# What is expected
Without including any pictures, return the records below exactly as written.

[Provided data Boundary: Start]

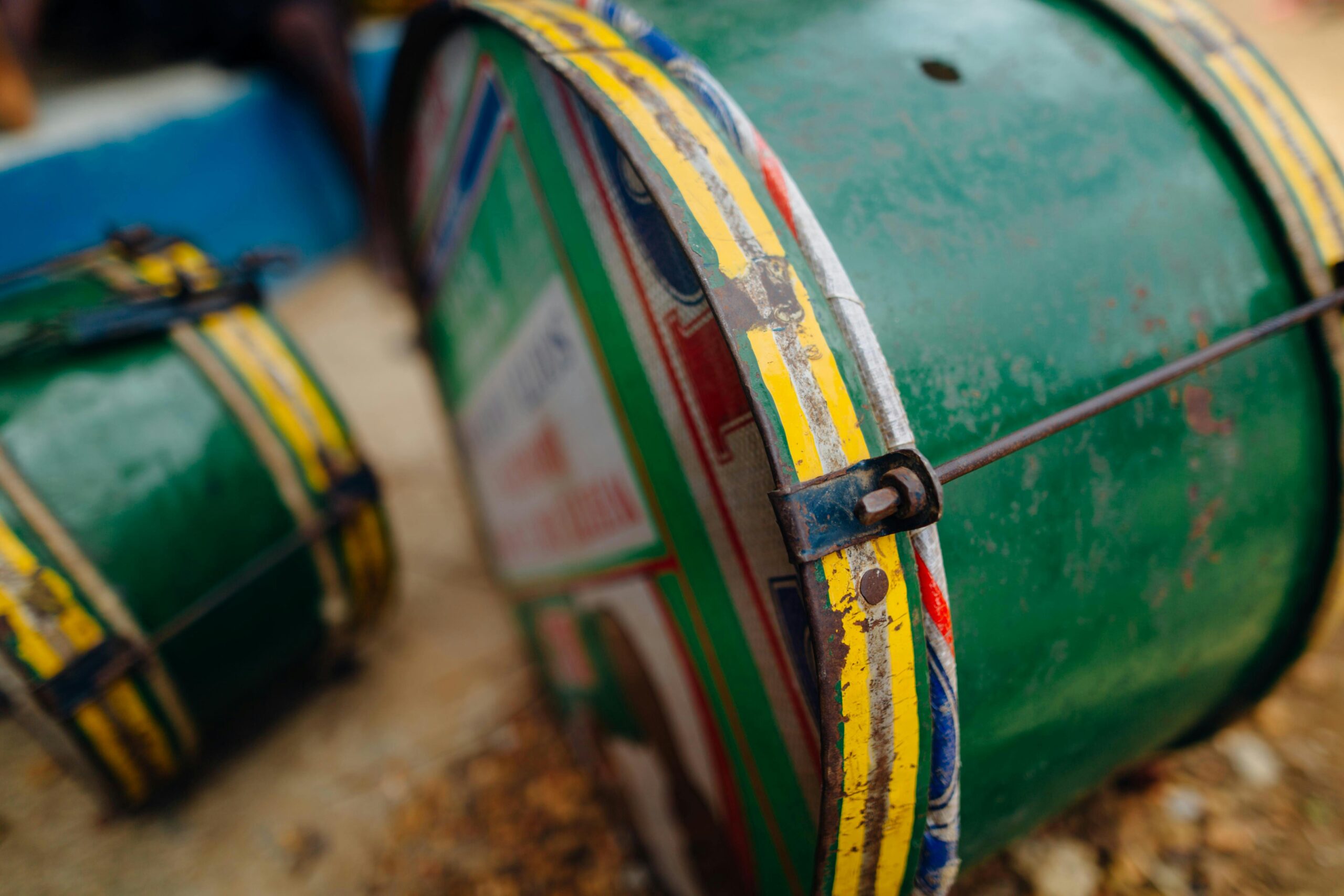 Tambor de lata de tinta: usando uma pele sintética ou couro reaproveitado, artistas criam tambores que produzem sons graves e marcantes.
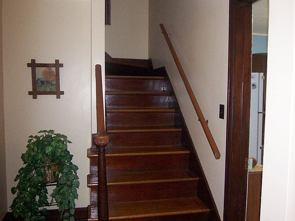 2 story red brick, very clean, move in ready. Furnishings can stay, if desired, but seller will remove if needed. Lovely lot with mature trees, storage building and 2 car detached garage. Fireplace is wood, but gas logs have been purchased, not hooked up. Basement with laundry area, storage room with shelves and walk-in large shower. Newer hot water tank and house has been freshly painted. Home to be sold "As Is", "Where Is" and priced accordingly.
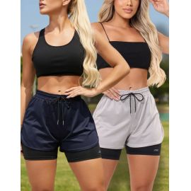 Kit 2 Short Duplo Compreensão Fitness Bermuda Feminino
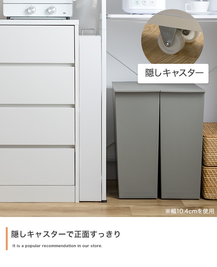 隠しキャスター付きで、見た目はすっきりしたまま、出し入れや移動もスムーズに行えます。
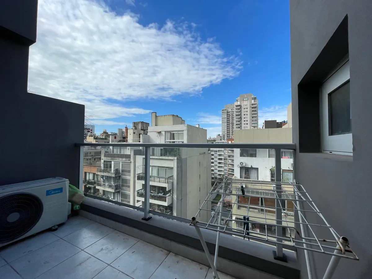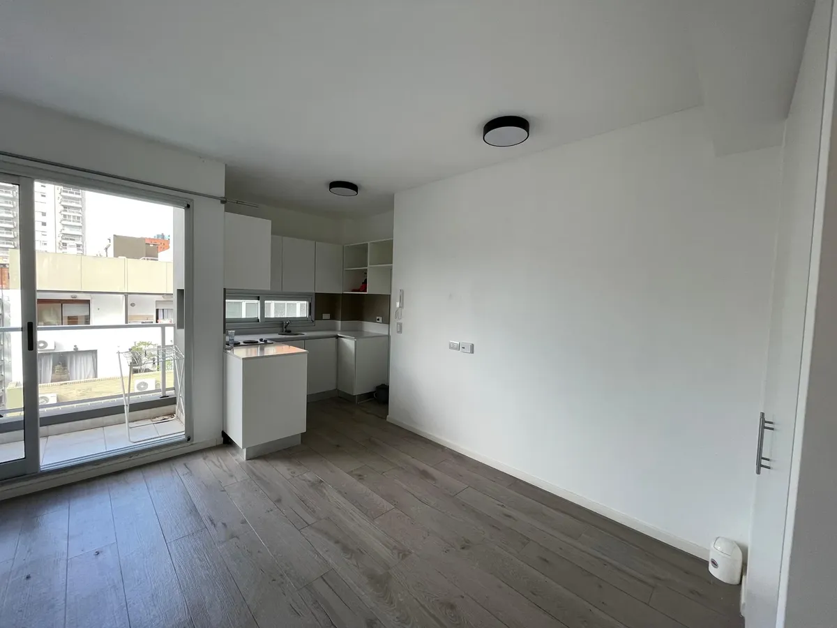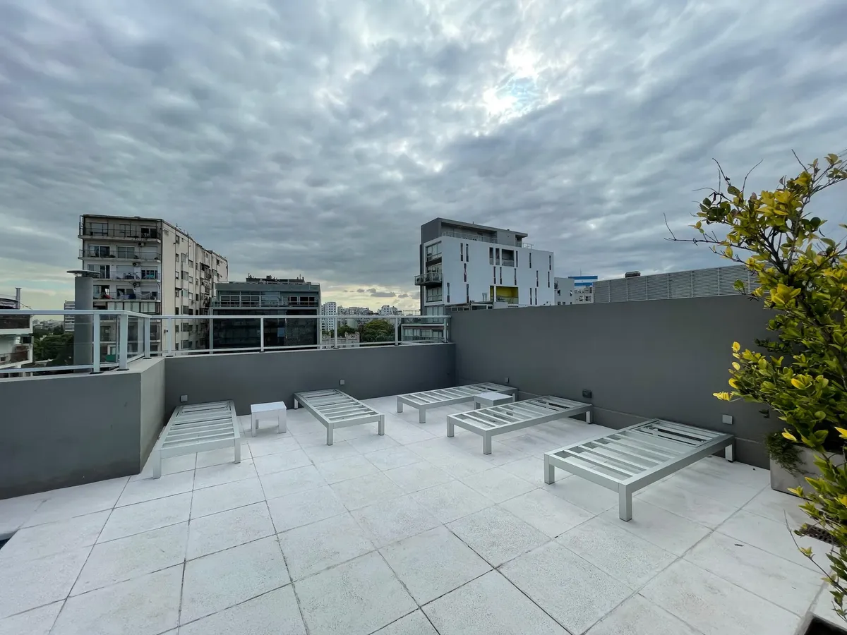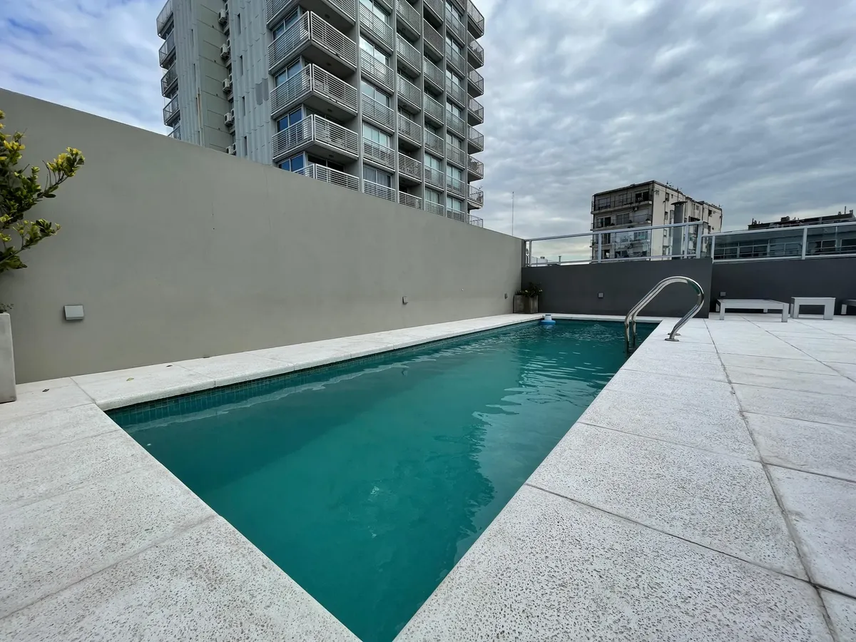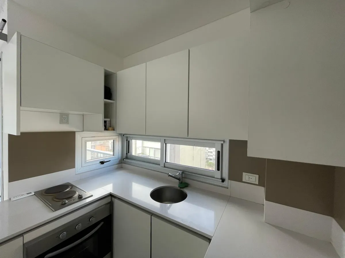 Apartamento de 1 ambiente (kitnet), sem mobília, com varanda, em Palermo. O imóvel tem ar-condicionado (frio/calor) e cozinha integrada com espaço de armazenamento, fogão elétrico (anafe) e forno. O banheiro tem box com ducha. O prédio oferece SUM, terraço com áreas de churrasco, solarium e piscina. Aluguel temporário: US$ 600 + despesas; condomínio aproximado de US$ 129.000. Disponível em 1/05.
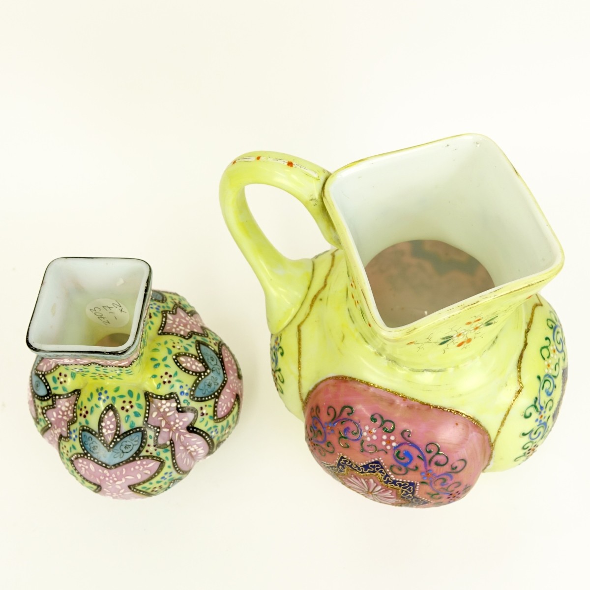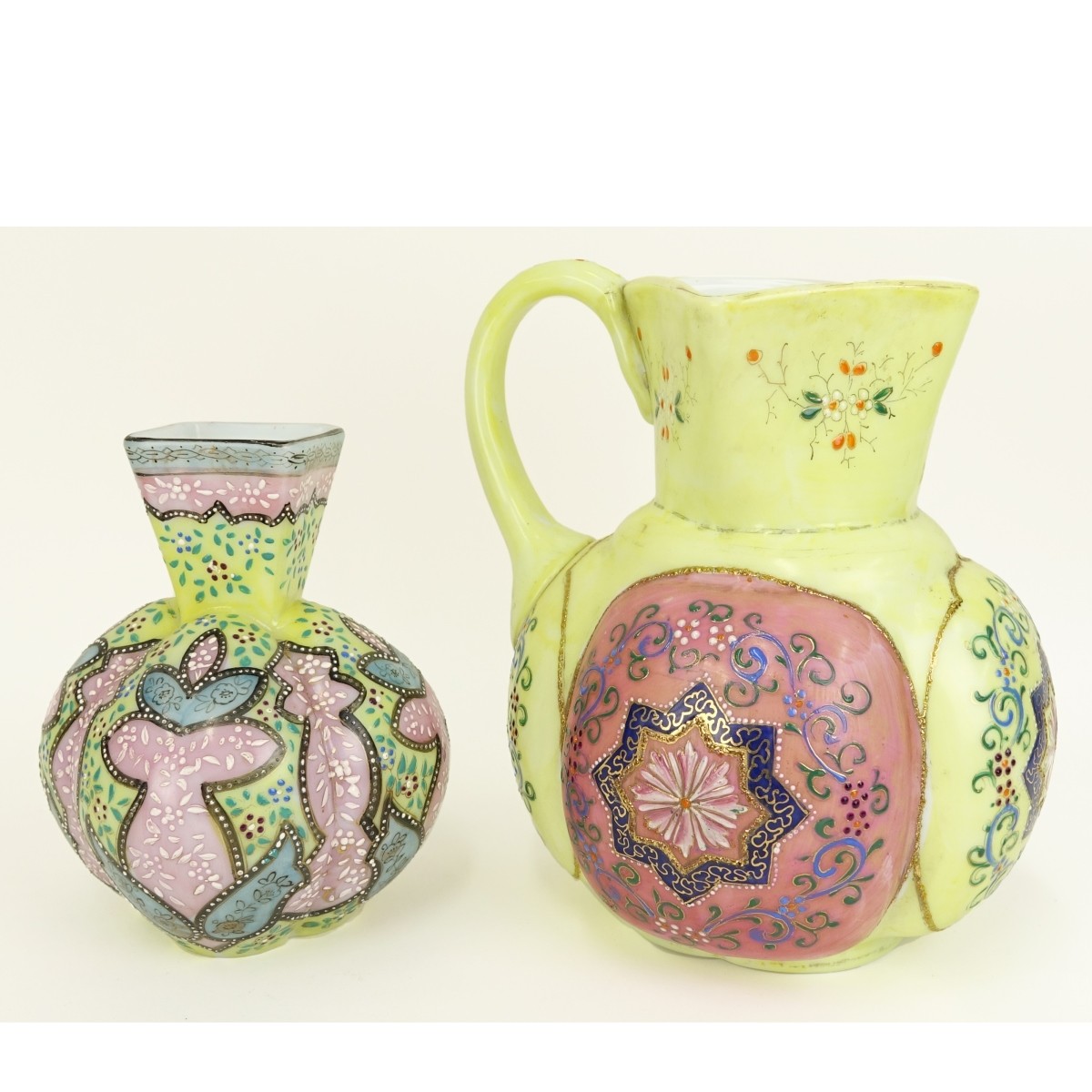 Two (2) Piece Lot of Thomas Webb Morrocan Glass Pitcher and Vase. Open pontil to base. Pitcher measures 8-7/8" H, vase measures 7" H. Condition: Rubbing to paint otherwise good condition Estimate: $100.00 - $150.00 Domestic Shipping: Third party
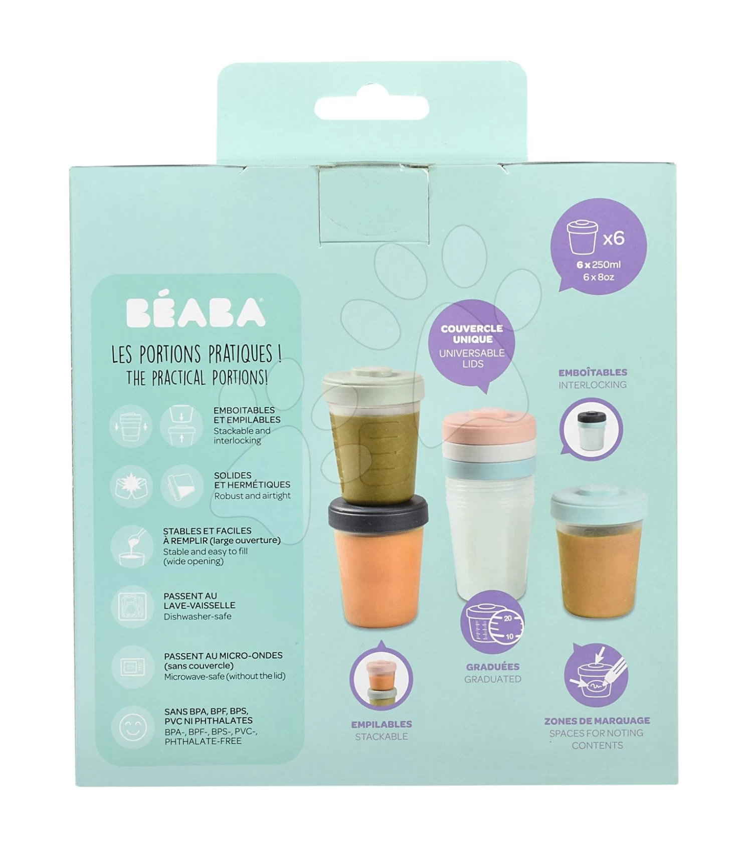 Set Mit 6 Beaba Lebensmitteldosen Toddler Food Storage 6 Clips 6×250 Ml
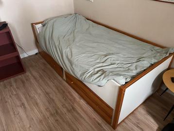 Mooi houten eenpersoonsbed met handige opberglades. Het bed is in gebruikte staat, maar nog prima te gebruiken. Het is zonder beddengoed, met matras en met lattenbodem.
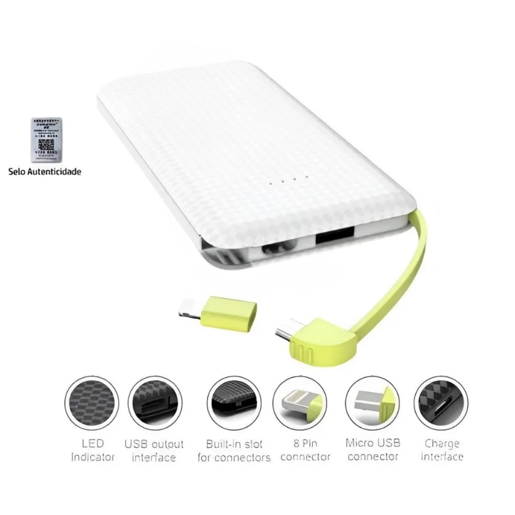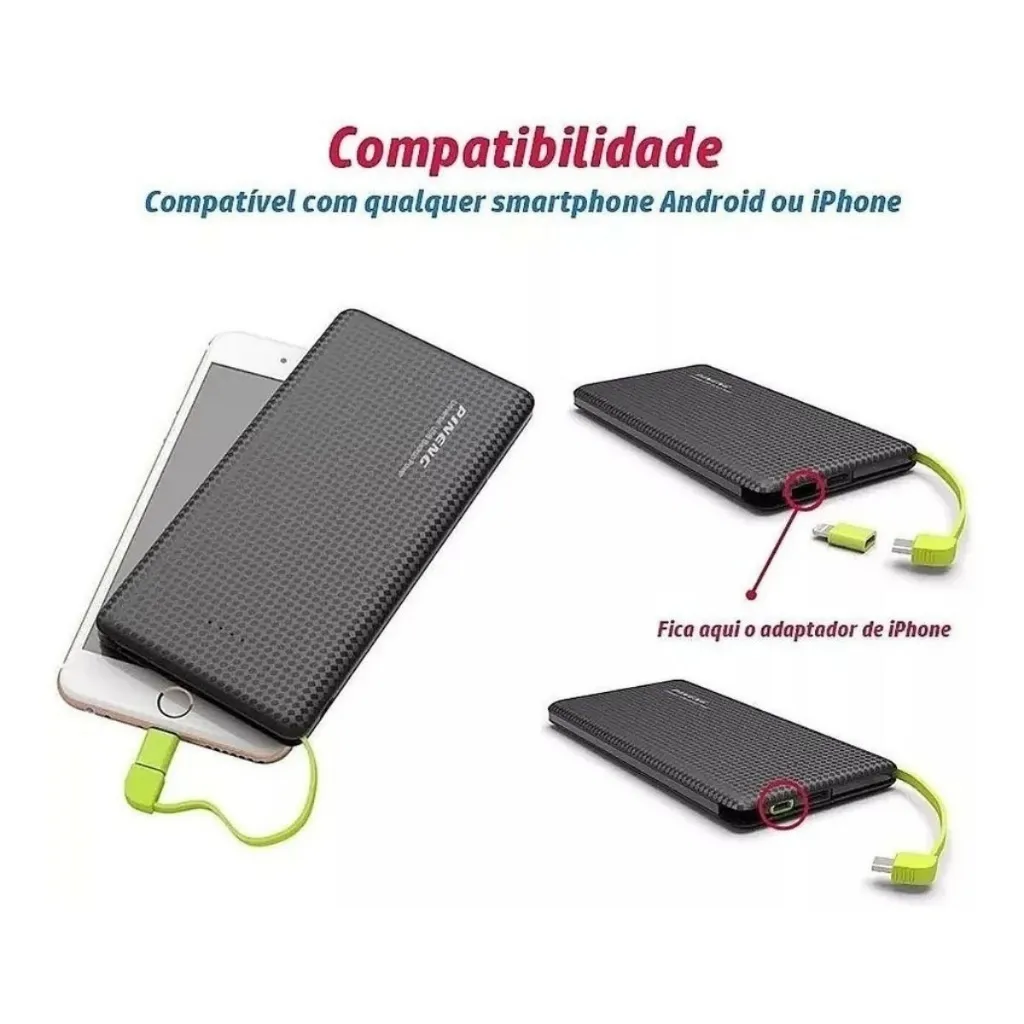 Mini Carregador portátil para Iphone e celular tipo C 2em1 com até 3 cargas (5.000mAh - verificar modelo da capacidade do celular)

[Provided data Boundary: End]

# Task answer
 Tambor de lata de tinta: usando uma pele sintética ou couro reaproveitado, artistas criam tambores que produzem sons graves e marcantes.
 2 story red brick, very clean, move in ready. Furnishings can stay, if desired, but seller will remove if needed. Lovely lot with mature trees, storage building and 2 car detached garage. Fireplace is wood, but gas logs have been purchased, not hooked up. Basement with laundry area, storage room with shelves and walk-in large shower. Newer hot water tank and house has been freshly painted. Home to be sold "As Is", "Where Is" and priced accordingly.
 Kit 2 Short Duplo Compreensão Fitness Bermuda Feminino
 隠しキャスター付きで、見た目はすっきりしたまま、出し入れや移動もスムーズに行えます。
 Apartamento de 1 ambiente (kitnet), sem mobília, com varanda, em Palermo. O imóvel tem ar-condicionado (frio/calor) e cozinha integrada com espaço de armazenamento, fogão elétrico (anafe) e forno. O banheiro tem box com ducha. O prédio oferece SUM, terraço com áreas de churrasco, solarium e piscina. Aluguel temporário: US$ 600 + despesas; condomínio aproximado de US$ 129.000. Disponível em 1/05.
 Two (2) Piece Lot of Thomas Webb Morrocan Glass Pitcher and Vase. Open pontil to base. Pitcher measures 8-7/8" H, vase measures 7" H. Condition: Rubbing to paint otherwise good condition Estimate: $100.00 - $150.00 Domestic Shipping: Third party
 Set Mit 6 Beaba Lebensmitteldosen Toddler Food Storage 6 Clips 6×250 Ml
 Mooi houten eenpersoonsbed met handige opberglades. Het bed is in gebruikte staat, maar nog prima te gebruiken. Het is zonder beddengoed, met matras en met lattenbodem.
 Mini Carregador portátil para Iphone e celular tipo C 2em1 com até 3 cargas (5.000mAh - verificar modelo da capacidade do celular)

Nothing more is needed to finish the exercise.